The testing also produced some unexpected results (Fig. 1). On one question a trained Transformer model correctly answered ‘‘Calculate 17 × 4.” as 68. The same question, but without the period, resulted in the answer 69. Other test questions posed 1 + 1 +…+ 1, where 1 occurs n times. For n ≤ 6, both the LSTM and Transformer models answered correctly. For n = 7, the models answered 6. For n > 7, they responded with other incorrect values.

《Fig.1》

Fig. 1. The neural networks trained and tested on DeepMind’s data set for mathematical reasoning sometimes failed in unexpected and surprising ways. The models did correctly solve this proverbial problem (1 + 1 = 2), as well the related problems of 1 + 1 +…+ 1, where 1 occurs n times, up to n = 6. However, for n = 7, the models answered 6, and for n > 7, they responded with other incorrect values. Credit: Pexels (public domain).

One important contribution of the research is the modular, and therefore easily extendable, data set. "We hope this data set will become a robust analysable benchmark for developing models with more abilities,” the authors wrote. Useful future work, they note, would be to extend the data set to include greater linguistic complexity, and visual problems, such as geometry. In terms of the neural networks themselves, Saxton said the next step for the DeepMind team is to develop models that can learn to do well across algebraic/symbolic reasoning tasks.

But what may be perhaps most important to determine is how the models arrived at their wrong answers (Fig. 2). "We've got a long way to go before we have reliable tools that can tell us why a neural network produced the answer it did,” said Sutskever.

《Fig.2》

Fig. 2. The connections deep neural networks make when tackling a problem involving artificial intelligence are often a ‘‘black-box” mystery—not easily understood, making it hard to determine where they go wrong and how to correct for the failure. Credit: courtesy of DeepMind, with permission.

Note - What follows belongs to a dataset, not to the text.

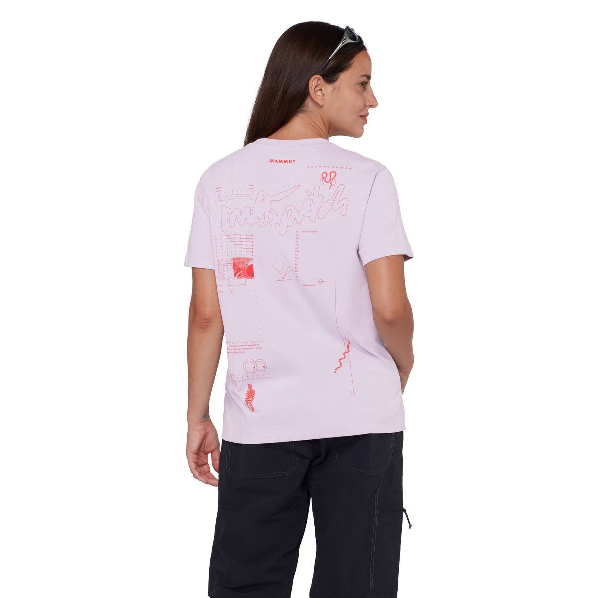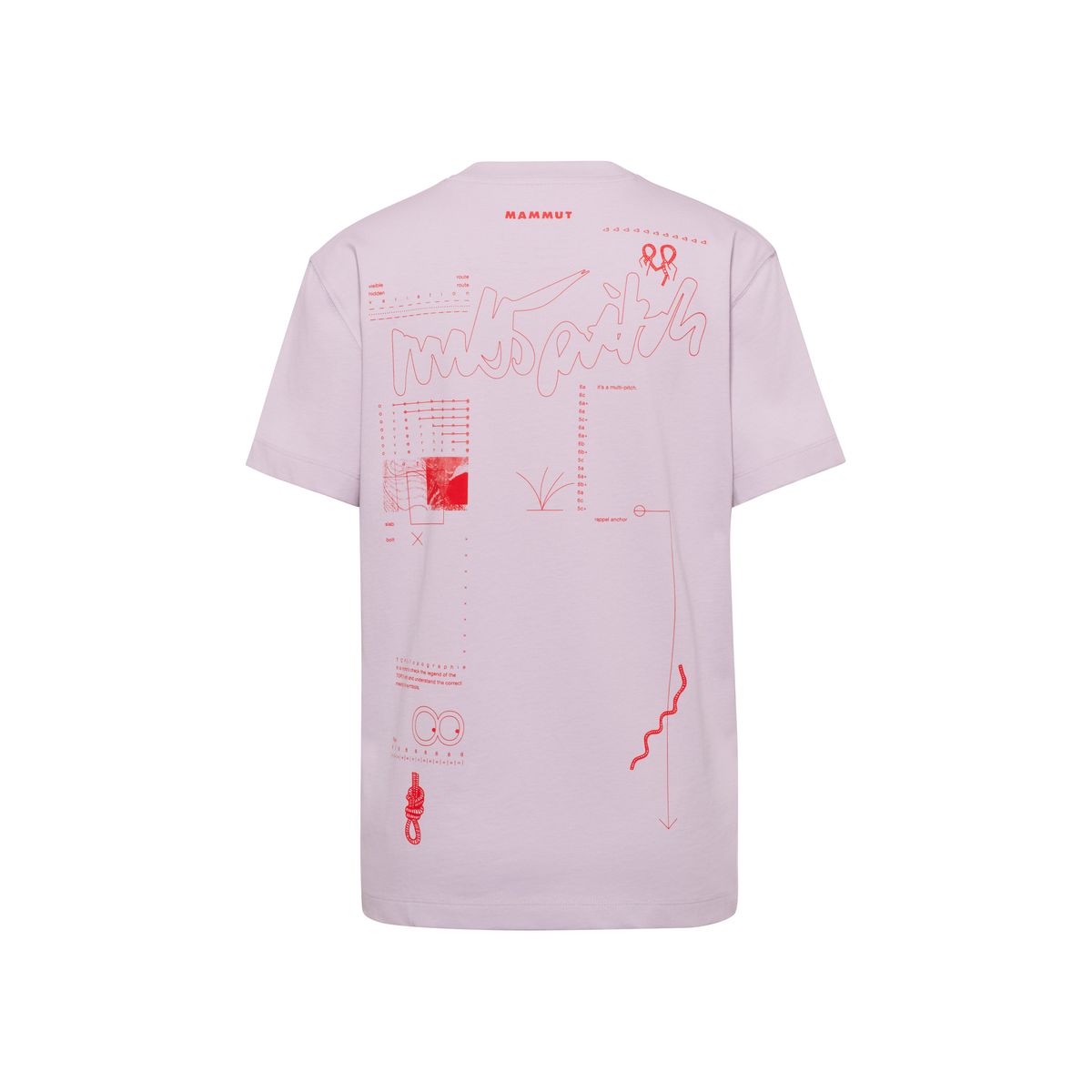 Das Mammut Base T?Shirt Women Multi?Pitch kombiniert schlichtes Design mit Funktionalität: Rundhalsausschnitt, Grafiken auf Vorder? und Rückseite und eine legere Regular?Fit?Passform. Hersteller: Mammut, Artikelnummer 1017?07630, Teil der Logowear?Kollektion.

For some researchers, this mysterious, "black box” element of neural networks—not being able to understand how they arrive at decisions, represents a key issue as the technology moves toward artificial general intelligence (AGI). "It worries me that we are focusing on quantitative performance rather than intelligibility,” said Rovatsos. "Should AI really start to develop humanlevel intelligence and be widely adopted for everyday use, we would want to scrutinise and correct these systems to ensure their behavior complies with our social norms and moral values. It seems to me we’re building ‘racing cars,' rather than vehicles that can take us safely to our destination.”